Different from other BM failure disease, AA has been well characterized as an immune-mediated BM disorder1,2,3,4. In our study, abnormal expansion of TH1, TH2, and TH17 cells and reduction of Treg cells were observed in cocultures with AA EPCs, and the differentiation potential of T cells was rebalanced after LY treatment, confirming that TGF-β1-activated EPCs are defective in modulating immune homeostasis in AA. In addition to the abnormal number of T cell subsets, functional abnormalities of Treg cells were also reported in AA4,6,90. However, we are aware that the function of rebalanced T cells in cocultures with AA EPCs needs to be further explored in the future.

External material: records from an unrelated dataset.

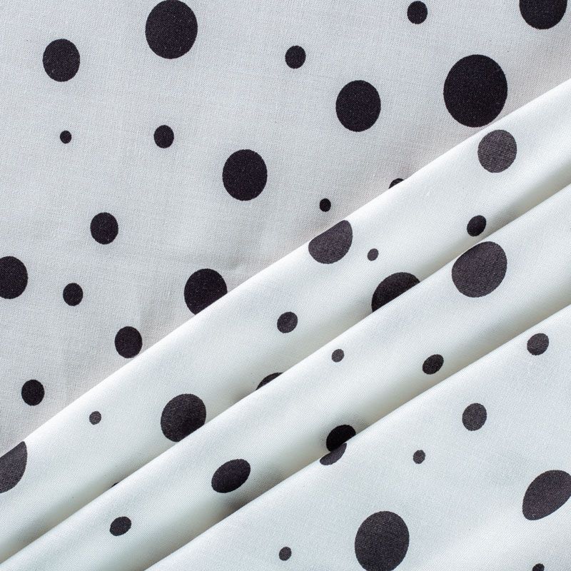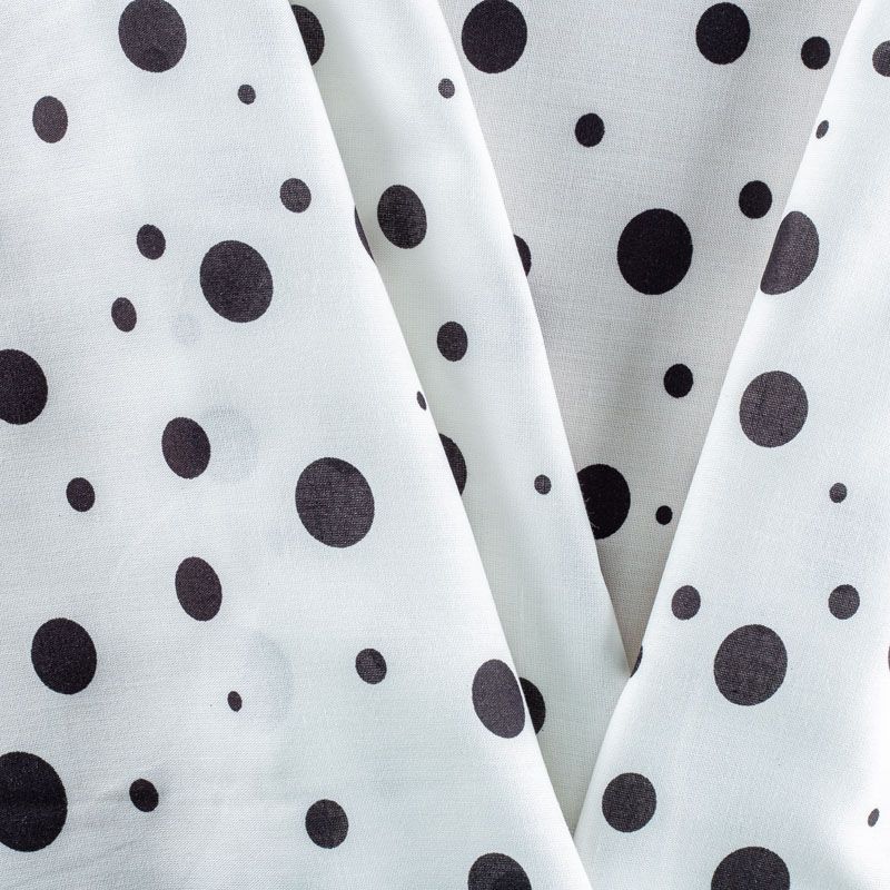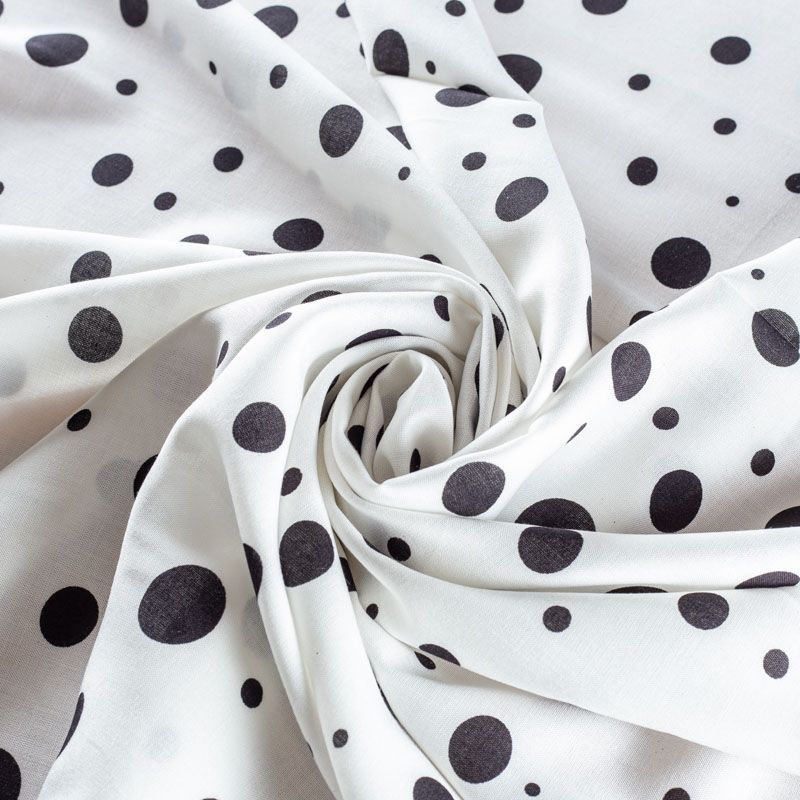 Плательно-блузочный штапель в черный разноразмерный горох на белом фоне. Мягкий, тонкий, нежный, пластичный, приятный на ощупь, хорошо драпируется, практичный. Подойдет для пошива платья, топа, блузки, рубашки, юбки, летних брюк.
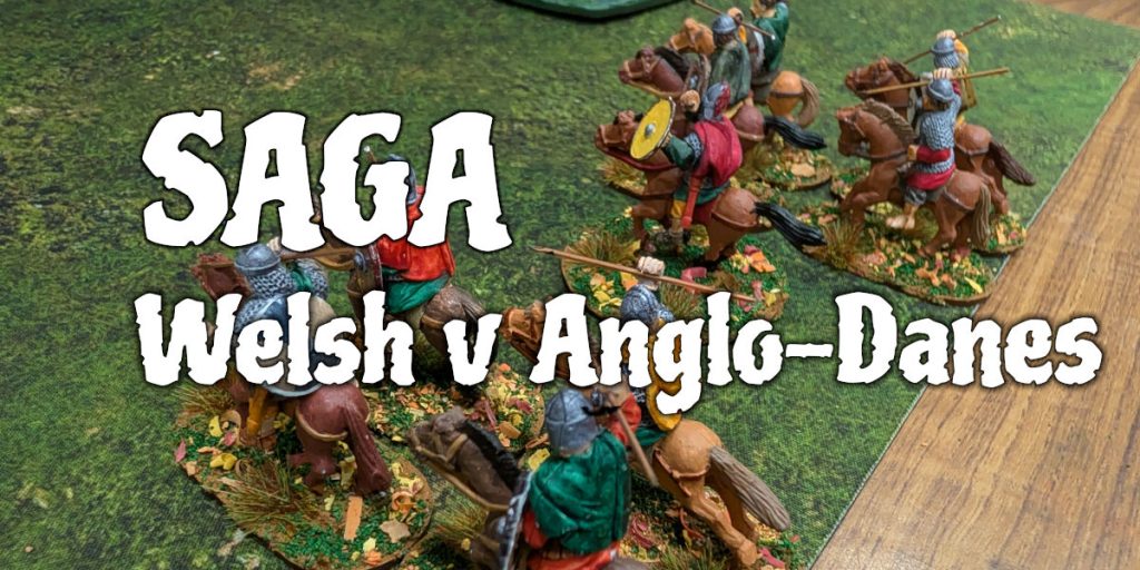Having just (mostly) finished painting a Strathclyde army for Saga: Age of Vikings, it was time to get them out onto the battlefield. I had the starter set from Gripping Beast, so a warlord, two units of mounted Hearthguard and two units of mounted warriors. To fill them out, I used two units of javelin levee from my Irish warband. In first edition of Saga, Strathclyde had their own battleboard. In this edition, they were a variation on the Welsh army.
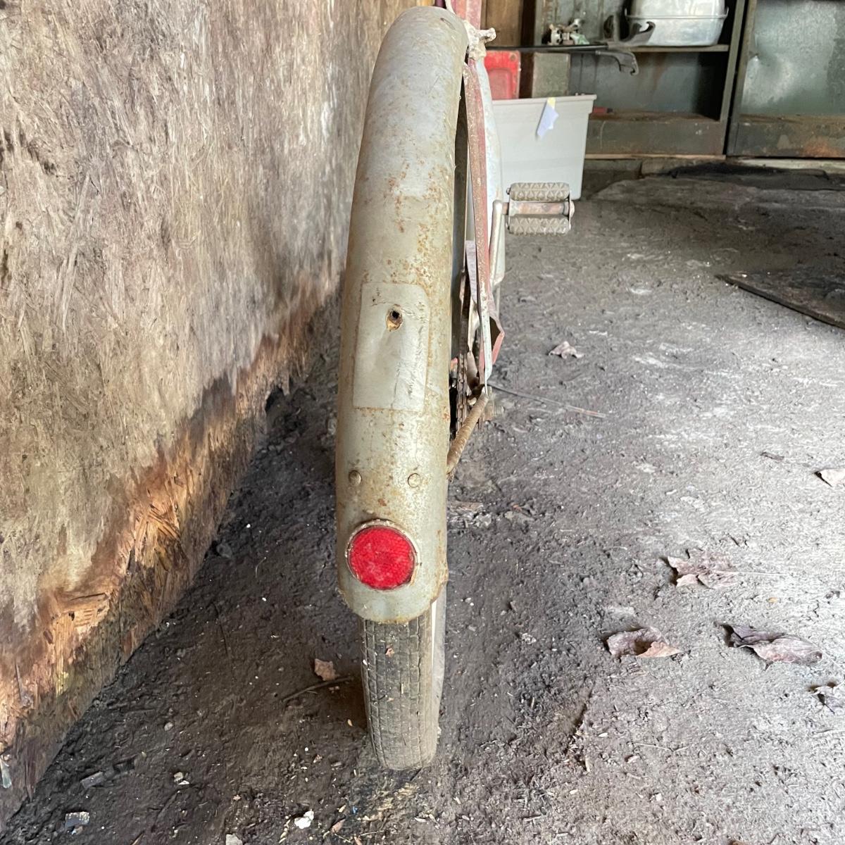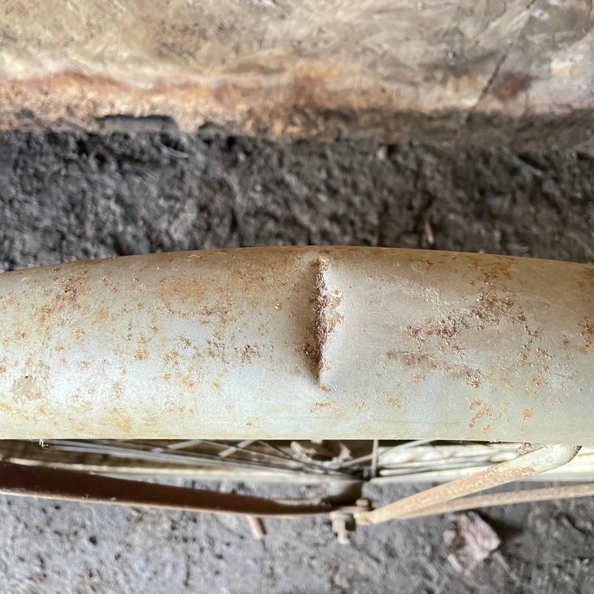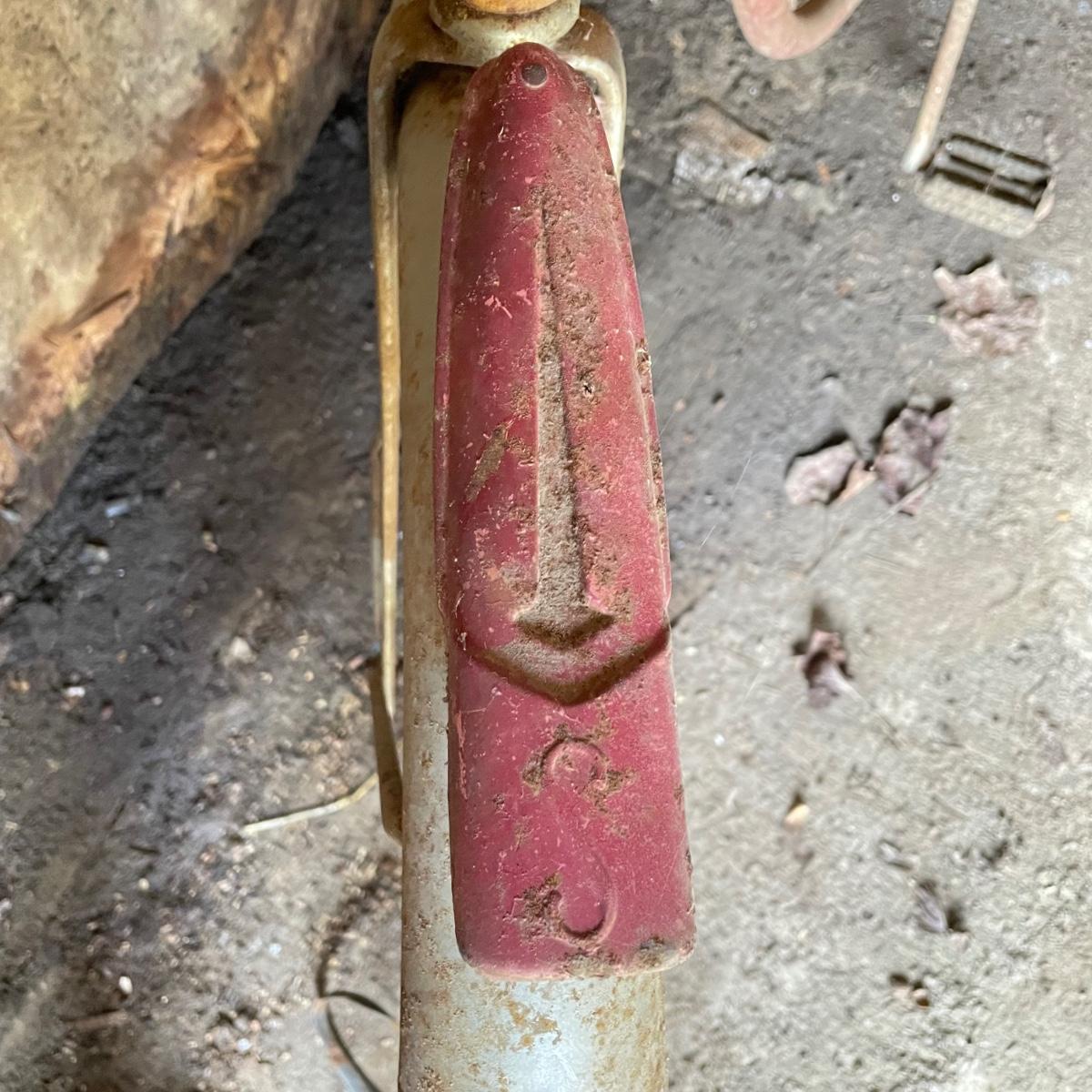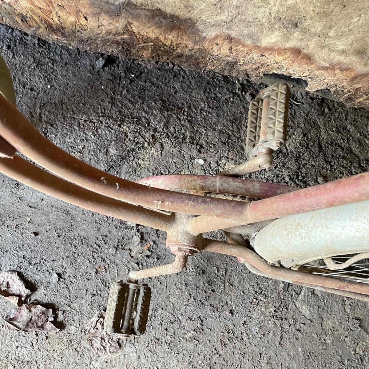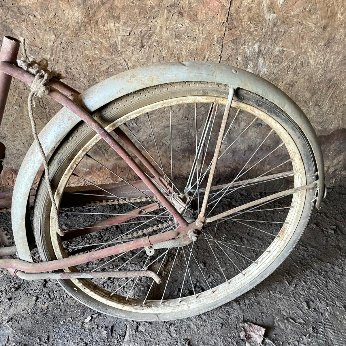Vintage Schwinn metal bike with reddish paint. Bike is missing it’s chair and needs a lot of work to get it back on working condition, including two new tires and seat. The pedals move the chain, but we were unable to test how well it works. The handlebars and fenders show rust. This piece would be great decor with some cleaning, or a classic ride if refurbished. Bike measures 68” long and the handlebars are 40” high. See images. Local pick up only.

Our findings show that dysfunctional BM EPCs with hyperactive TGF-β signaling are involved in AA, whereas the inhibition of TGF-β pathway could promote multilineage hematopoiesis recovery and immune balance in AA via the repair of dysfunctional BM EPCs. Our preliminary data indicate that the use of TGF-β signaling inhibitors (such as luspatercept) might be a potential therapeutic strategy for patients with AA, which provides a rationale for further clinical trials in patients with AA to validate our preliminary findings in the future.